YOUR GOAL: Which lines run from the start of the material below through the line containing "กองทุน PRINCIPAL MAINCOME"? Retype them exactly, pictures excluded.

INPUT:
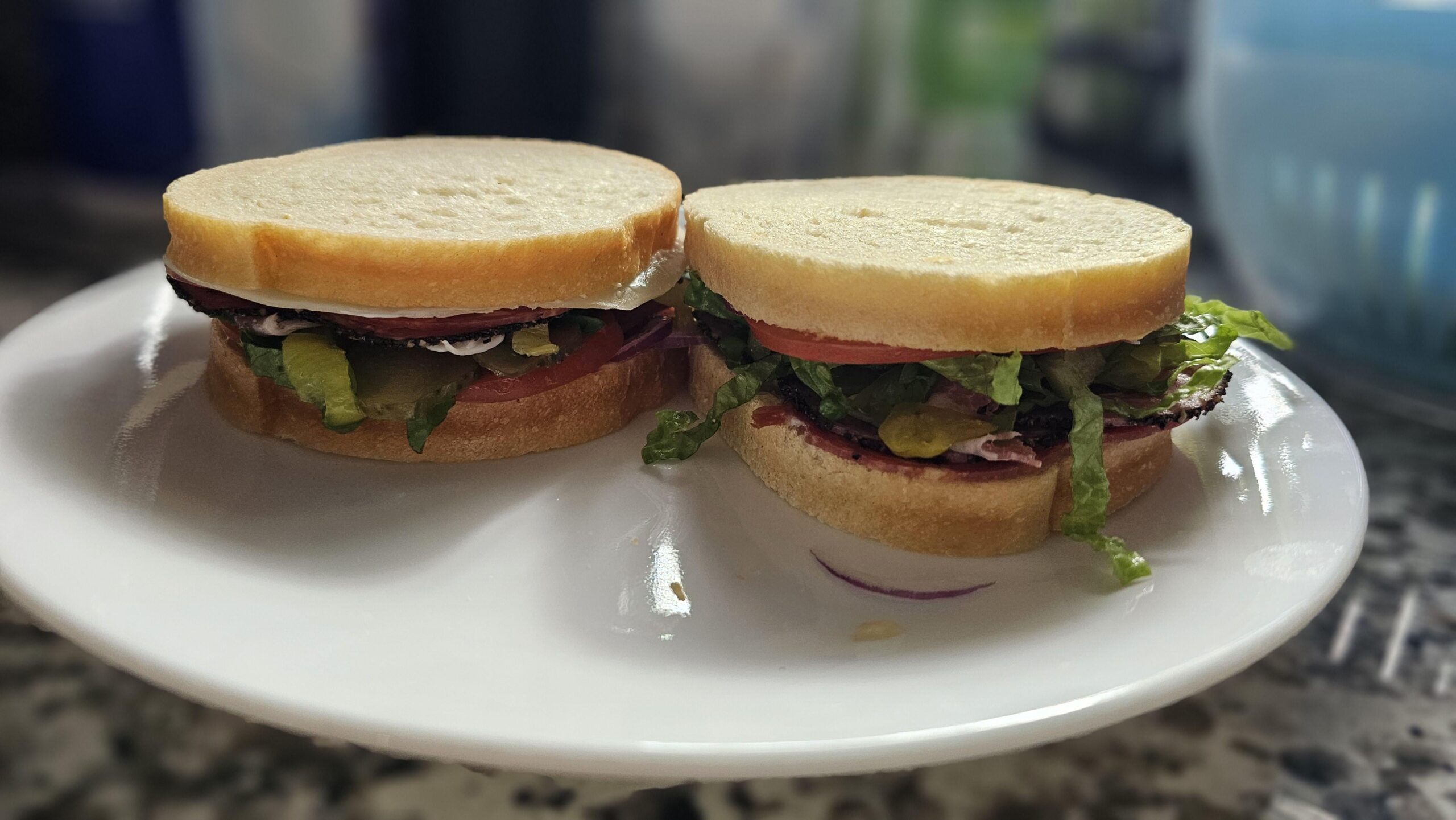 Made two very similar sandwiches. Sourdough bread, salami, pepperoni, tomatoes, onions, lettuce, banana peppers, oil, mustard, mayo. One has provolone and one does not, I ran out.
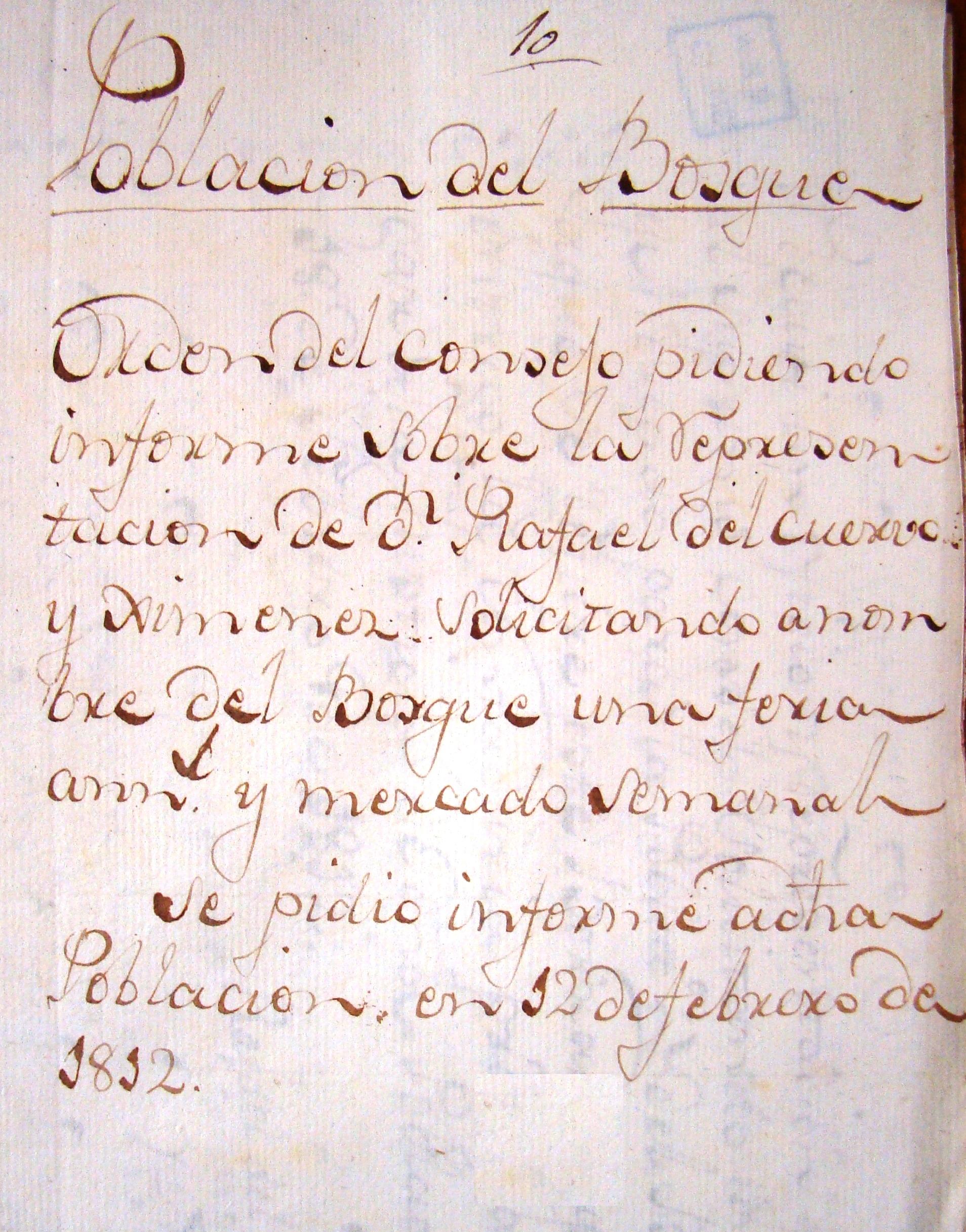El Intendente, al carecer de datos concretos de lo que se le solicitaba, envió un escrito, fechado el 12 de febrero de 1812, a través de D. Rafael del Cuervo al Sr. Alcalde mayor o Justicia ordinaria de la Población del Bosque; en él se decía:
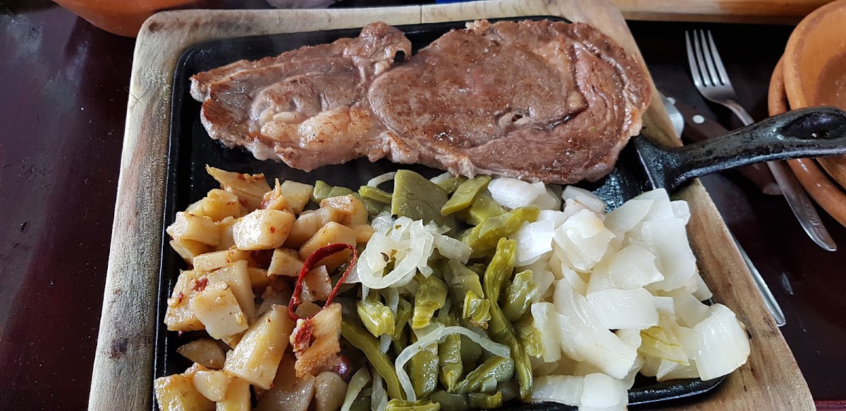 “Normally, I order chicken pozole; however, this time, I had to change my order. I had bistec tacos with cheese. The tacos were slightly larger than a normal tortilla and filled pretty well with meat, plus plenty of cheese. The sauce they brought made it even better. Really good food for a very good price.”
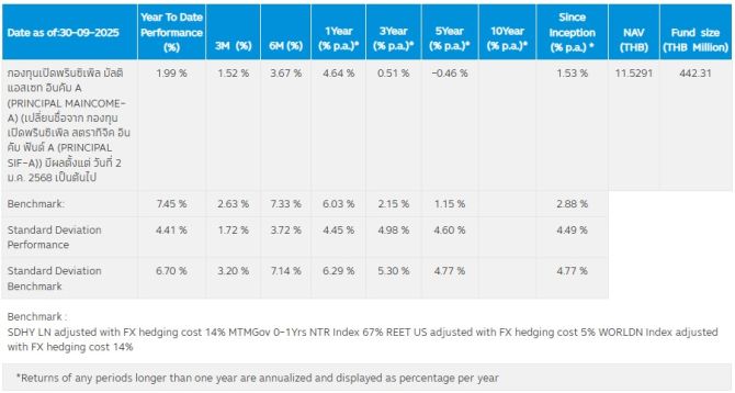 กองทุน PRINCIPAL MAINCOME เป็นกองทุนที่ลงทุนหลักในตราสารหนี้ กองทุนอสังหาริมทรัพย์ และกองทุนโครงสร้างพื้นฐานที่มีโอกาสสร้างรายได้สม่ำเสมอ เหมาะสำหรับนักลงทุนที่มองหา “รายได้ประจำ" และต้องการพอร์ตที่มีความผันผวนค่อนข้างต่ำ เป็นกองทุนที่มีผลตอบแทนคาดหวังเฉลี่ยต่อปีอยู่ที่ 4%
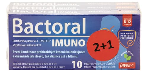 Doplněk stravy. Bactoral Imuno je doplněk stravy obsahují kombinaci dobře zdokumentovaných probiotických kmenů kolonizujících jak střevo (L. paracasei, L. CASEI 431®), tak sliznice úst a hltanu (S. salivarius K12®). Kdy užívat Bactoral Imuno? Při užívání antibiotik, před začátkem zimní sezóny a v průběhu zimy (říjen-březen), při sportu, pro doplnění mikrobioty. Benefity: Tablety s mátovou příchutí. a rozpustné v ústech. Vhodné pro děti od 3 let a dospělé. Nepřekračujte doporučené denní dávkování. Uchovávejte mimo dosah dětí. Doplňky stravy nejsou náhradou pestré a vyvážené stravy. Balení obsahuje 3x10 tablet. Hmotnost obsahu: 3x 8,1 g.
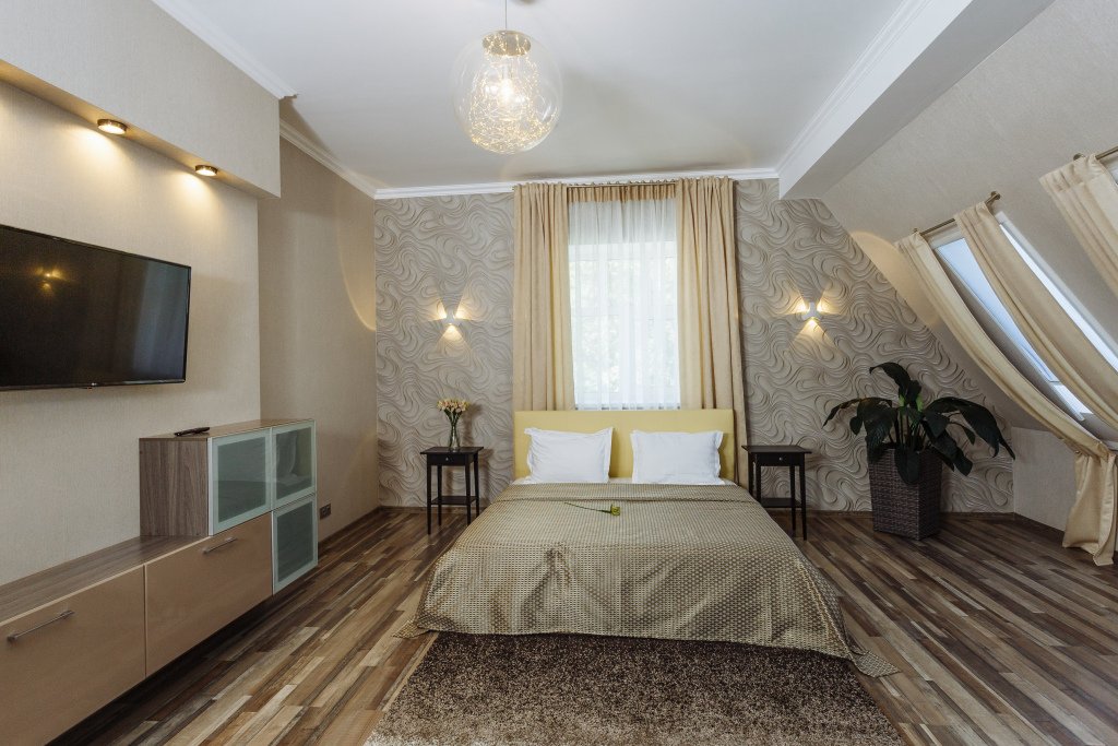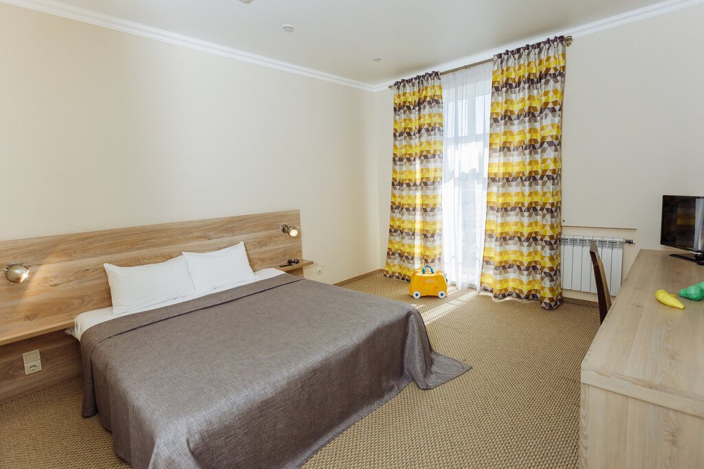 Номер уютно обставлен и оснащён необходимым, чтобы отдохнуть после долгого и насыщенного дня. Имеются телевизор. Перечисленные услуги есть не во всех номерах.
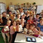 Szívet (kartonpapírból), lelket (vattafelhőből) töltöttünk kedvenceink testébe, pocakjába, majd tompa tű segítségével megtanultuk a varrás alapjait. Végül minden újszülött bocs mellé, kitöltöttünk egy születési anyakönyvi kivonatot és mackós csoportképet is készítettünk.
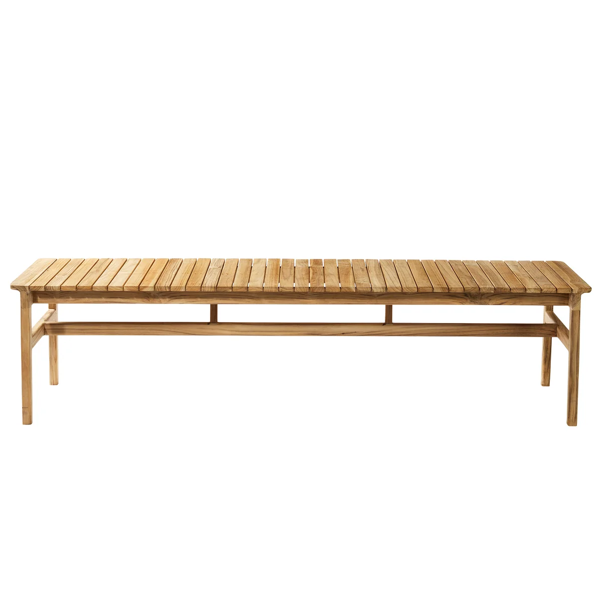 The garden bench without backrest from FDB Møbler impresses with its minimalist expression and simple, clean lines. The oiled teak bench is ideal for outdoor use and was designed by Thomas E. Alken. Robust and weather-resistant, the bench can be used as a seat at a dining table on the patio or as a comfortable place to sit or lie down in the garden.
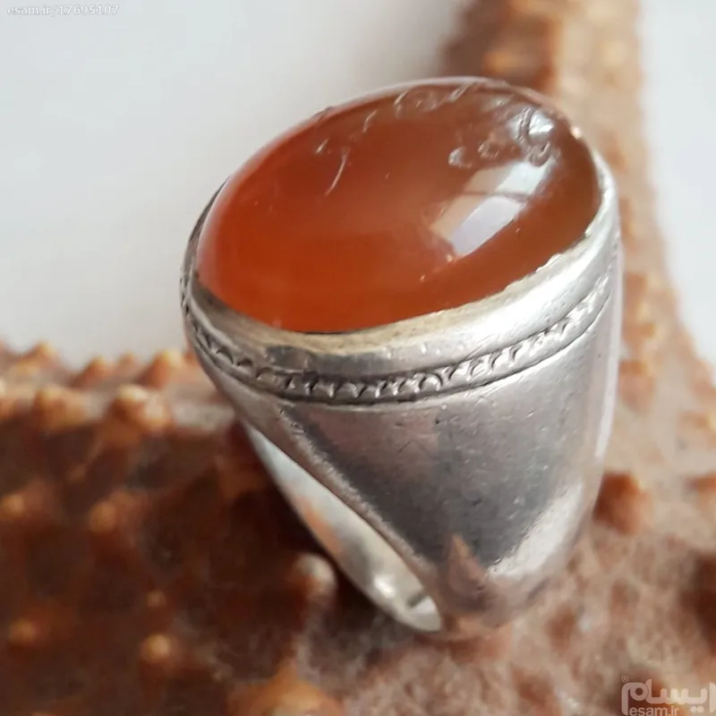 انگشتر قدمتدار قدیمی فوق کلکسیونی عقیق کهنه اصل معدنی ارزشمند قیمتی با خط قدیمی یا منصور فوق العاده بینظیر با ارزش بهای بالا رکاب دستساز نقره عیار بالا فوق العاده شگفت انگیز هست این انگشتر جدید ساخت نیست کهنه قدیمی هست یه کار کاملا متفاوت کلکسیونی

TASK SOLUTION:
 Made two very similar sandwiches. Sourdough bread, salami, pepperoni, tomatoes, onions, lettuce, banana peppers, oil, mustard, mayo. One has provolone and one does not, I ran out.
El Intendente, al carecer de datos concretos de lo que se le solicitaba, envió un escrito, fechado el 12 de febrero de 1812, a través de D. Rafael del Cuervo al Sr. Alcalde mayor o Justicia ordinaria de la Población del Bosque; en él se decía:
 “Normally, I order chicken pozole; however, this time, I had to change my order. I had bistec tacos with cheese. The tacos were slightly larger than a normal tortilla and filled pretty well with meat, plus plenty of cheese. The sauce they brought made it even better. Really good food for a very good price.”
 กองทุน PRINCIPAL MAINCOME เป็นกองทุนที่ลงทุนหลักในตราสารหนี้ กองทุนอสังหาริมทรัพย์ และกองทุนโครงสร้างพื้นฐานที่มีโอกาสสร้างรายได้สม่ำเสมอ เหมาะสำหรับนักลงทุนที่มองหา “รายได้ประจำ" และต้องการพอร์ตที่มีความผันผวนค่อนข้างต่ำ เป็นกองทุนที่มีผลตอบแทนคาดหวังเฉลี่ยต่อปีอยู่ที่ 4%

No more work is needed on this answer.